Sidoarjo - Humas Kanreg II BKN, Evaluasi memegang peran penting dalam penyelenggaraan pelayanan publik. Tanpa adanya evaluasi pelayanan publik tidak akan menuju pada perubahan yang diharapkan. Kantor Regional II BKN Surabaya sebegai salah satu instansi pemerintah yang memiliki tugas fungsi memberikan pelayanan di bidang kepegawaian melakukan evaluasi salah satunya melalui survei kepuasan masyarakat. Survei ditujukan untuk instansi daerah dan ASN di wilayah kerja Kanreg II BKN  setelah melakukan berbagai pelayanan kepegawaian. 

1_1

Selain pelayanan kepegawaian, kanreg II BKN juga bertanggungjawab membina manajemen ASN di wilayah kerja Jawa Timur.

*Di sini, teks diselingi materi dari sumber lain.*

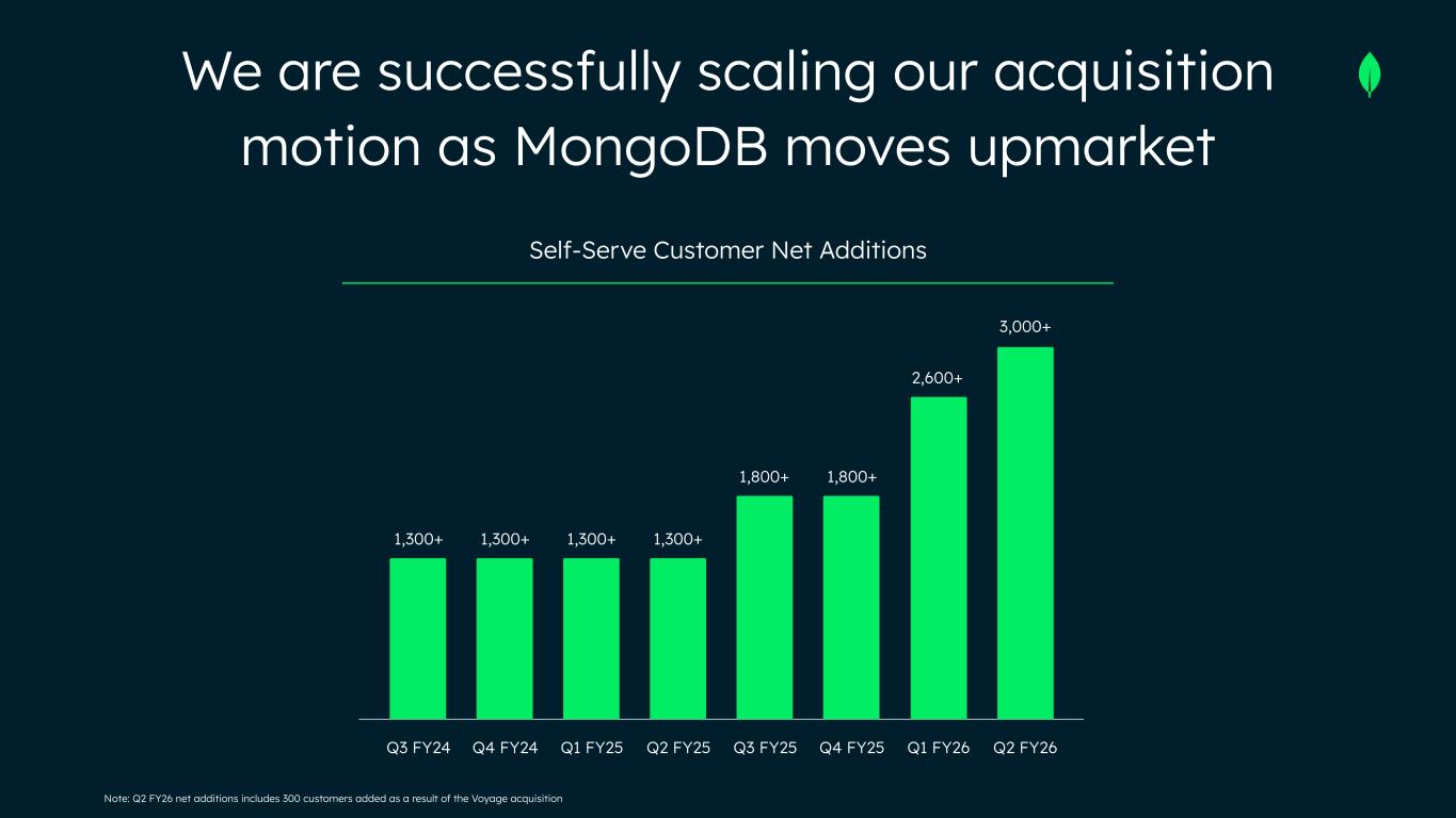 Note: Q2 FY26 net additions includes 300 customers added as a result of the Voyage acquisition We are successfully scaling our acquisition motion as MongoDB moves upmarket Self-Serve Customer Net Additions Q3 FY24 Q4 FY24 Q1 FY25 Q2 FY25 Q3 FY25 Q4 FY25 Q1 FY26 Q2 FY26 1,300+ 1,300+ 1,300+ 1,300+ 1,800+ 1,800+ 2,600+ 3,000+

Untuk mengoptimalkan peran tersebut, Kanreg II BKN menyusun indeks kepuasan masyarakat yang spesifik mengukur dan mengevaluasi penyelenggaraan pembinaan manajemen ASN. Hal tersebut disampaikan oleh Heru Purwaka, Kepala Kanreg II BKN, dalam Rapat Penyusunan Indeks Kepuasan Masyarakat (IKM) Terhadap Pembinaan Manajemen ASN yang diselenggarakan pada Rabu (28/7/2021) secara virtual. Heru menuturkan, "IKM ini menjadi bagian yang tidak terpisahkan dari laporan kinerja dan merupakan bahan evaluasi sebgai data dukung dalam melaksanakan Reformasi Birokrasi 2021. Sehingga ini sangat berpengaruh pada nilai capaian Reformasi Birokrasi (RB) Kanreg II BKN."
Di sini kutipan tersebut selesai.